■ DATASET EXCERPTS ■
━━━━━━━━

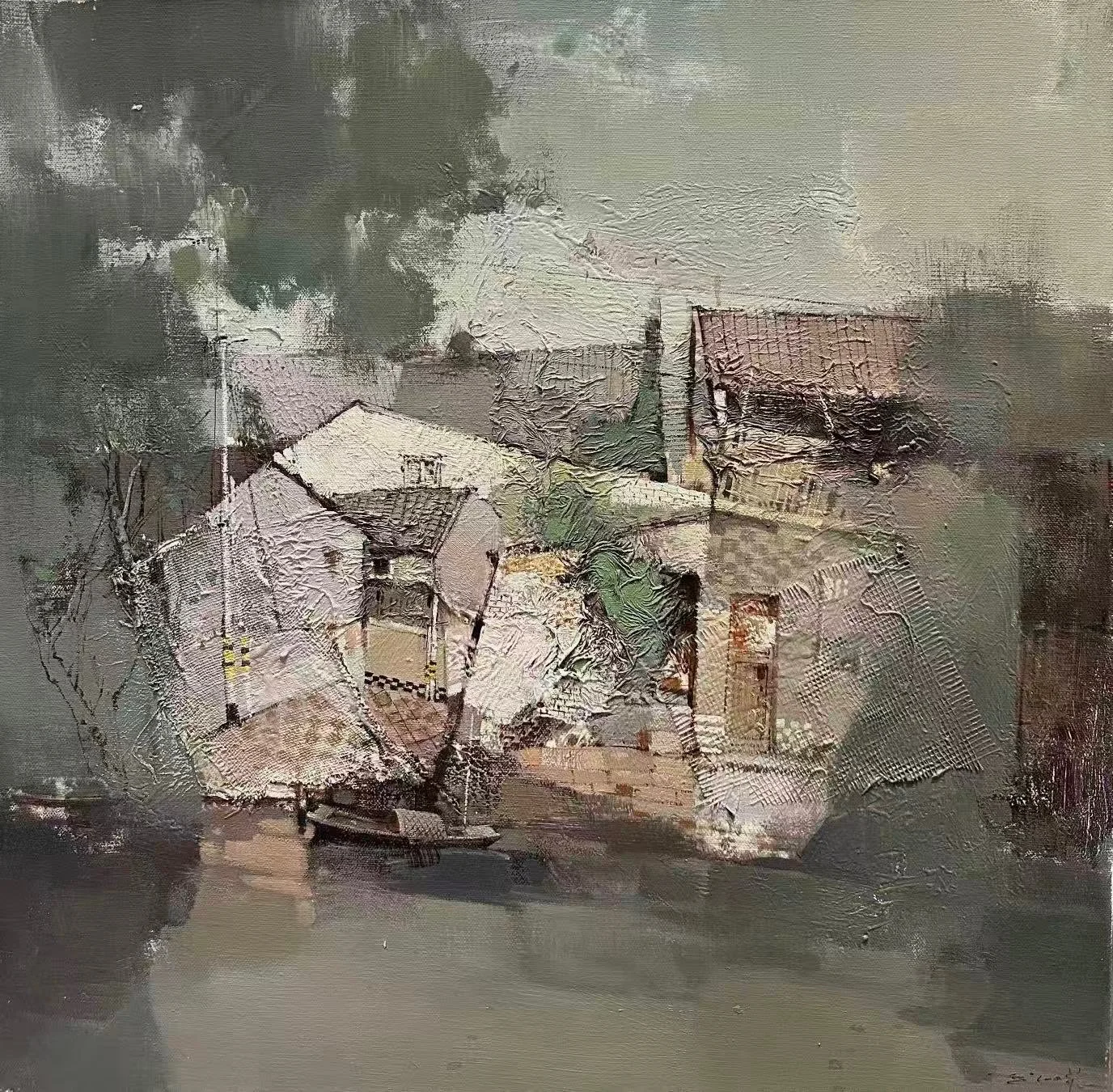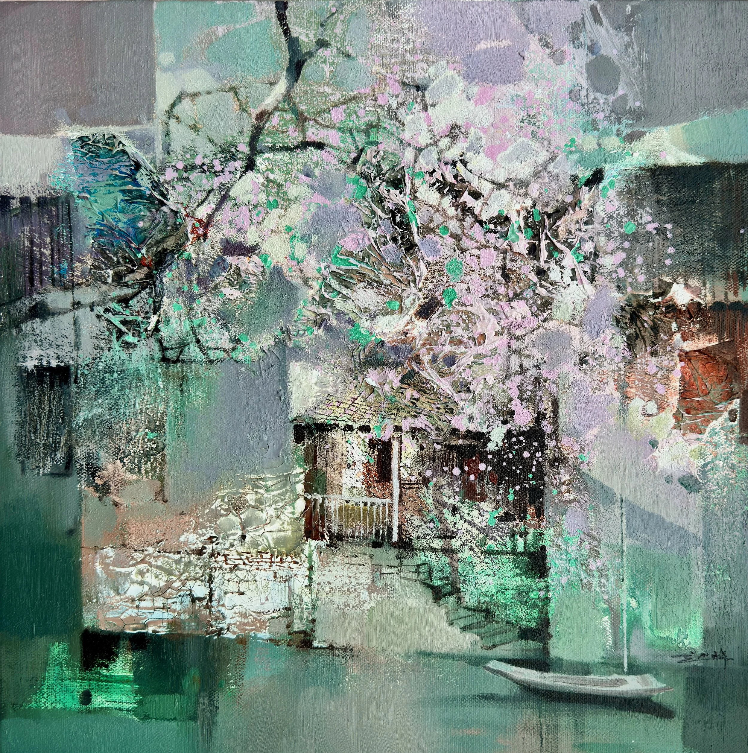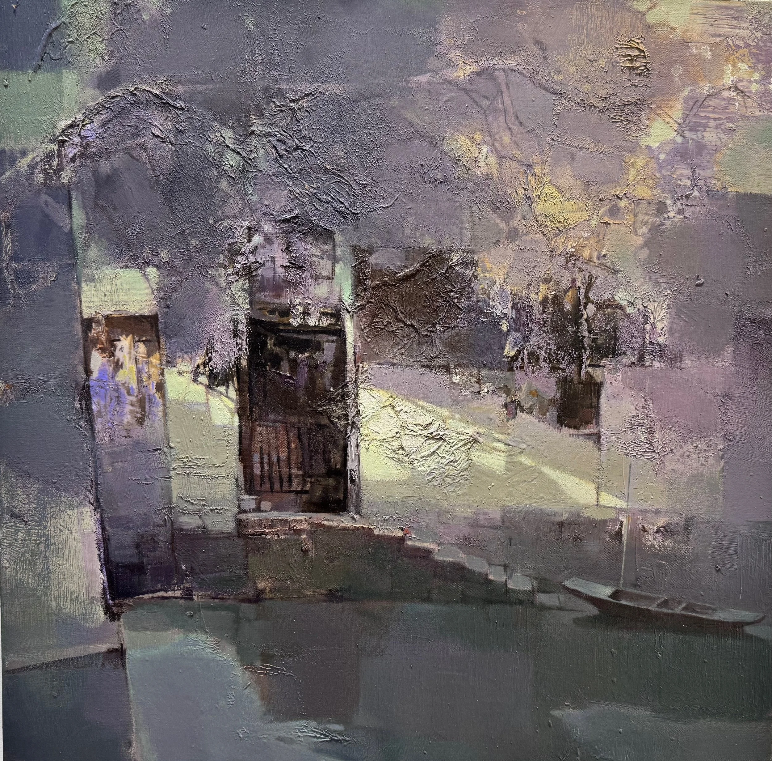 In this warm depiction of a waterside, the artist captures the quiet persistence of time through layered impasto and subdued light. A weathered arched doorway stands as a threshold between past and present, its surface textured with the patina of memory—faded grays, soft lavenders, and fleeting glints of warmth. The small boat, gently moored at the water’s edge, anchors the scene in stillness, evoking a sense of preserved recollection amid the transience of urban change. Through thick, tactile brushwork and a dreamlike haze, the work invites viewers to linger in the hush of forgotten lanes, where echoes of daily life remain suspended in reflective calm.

━━━━━━━━

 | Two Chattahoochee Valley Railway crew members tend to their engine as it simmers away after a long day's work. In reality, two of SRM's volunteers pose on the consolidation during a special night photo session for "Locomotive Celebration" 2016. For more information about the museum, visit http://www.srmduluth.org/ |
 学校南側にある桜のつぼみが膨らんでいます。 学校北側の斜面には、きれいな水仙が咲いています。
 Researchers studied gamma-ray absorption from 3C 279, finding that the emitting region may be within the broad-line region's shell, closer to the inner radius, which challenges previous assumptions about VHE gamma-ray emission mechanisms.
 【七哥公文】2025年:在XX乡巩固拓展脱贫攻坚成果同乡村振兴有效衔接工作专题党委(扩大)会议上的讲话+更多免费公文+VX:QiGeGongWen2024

━━━━━━━━

■ TO DO ■
Please give back exactly the lines of this listing beginning at the line with "visit http://www.srmduluth.org/ |" and ending with the line with "学校南側にある桜のつぼみが膨", both included, and nothing else.

■ EXPECTED OUTPUT ■
 | Two Chattahoochee Valley Railway crew members tend to their engine as it simmers away after a long day's work. In reality, two of SRM's volunteers pose on the consolidation during a special night photo session for "Locomotive Celebration" 2016. For more information about the museum, visit http://www.srmduluth.org/ |
 学校南側にある桜のつぼみが膨らんでいます。 学校北側の斜面には、きれいな水仙が咲いています。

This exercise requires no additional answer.